WHITEPAPER An Introduction to Single Cell ICP-MS Analysis

Introduction

The introduction and development of Single Particle ICP-MS (SP-ICP-MS) has opened a new area of research which allows the rapid detection and analysis of metal-based particles in a variety of matrices and applications.1-6 The key feature of SP-ICP-MS is that it allows discrete pulses of positively charged ions to be detected and measured in a time-resolved manner using microsecond (µs) data acquisition rates.

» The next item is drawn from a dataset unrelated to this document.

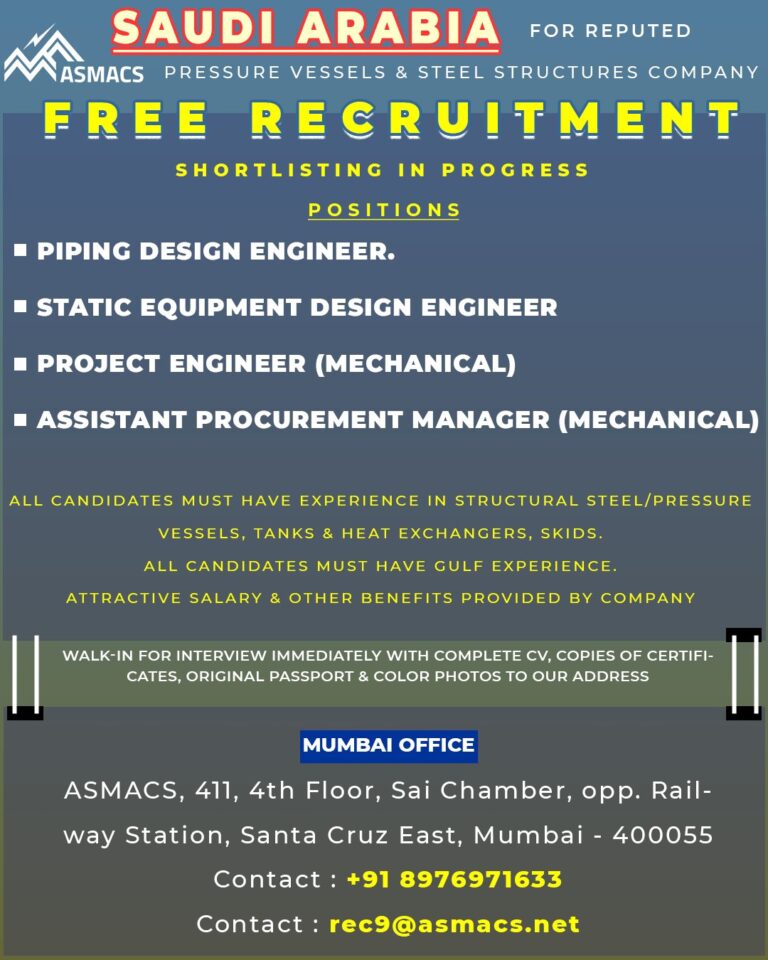 SAUDI ARABIA FOR REPUTEDASMACS PRESSURE VESSELS & STEEL STRUCTURES COMPANYFREE RECRUITMENTSHORTLISTING IN PROGRESSPOSITIONS■ PIPING DESIGN ENGINEER.■ STATIC EQUIPMENT DESIGN ENGINEER■ …

This advance in data acquisition capabilities is opening up a number of new application areas. In this white paper, we will introduce the concept of Single Cell ICP-MS (SC-ICP-MS), where individual cells are rapidly analyzed for metal content. Before delving into SC-ICP-MS, let’s briefly review the theory of SP-ICP-MS.

SP-ICP-MS: A Brief Review

Comprehensive descriptions of SP-ICP-MS are available,7,8 so only a brief review will be given here. When a nanoparticle enters the plasma, it is completely ionized, producing a burst of ions which can be detected with ICP-MS. While conventional ICP-MS looks at a continuous signal, the output from SP-ICP-MS looks at discrete signals: one nanoparticle yields one ion burst, with the intensity of the resulting signal being related to the size of a particle (nm) and the number of pulses being related to the particle concentration (part/mL).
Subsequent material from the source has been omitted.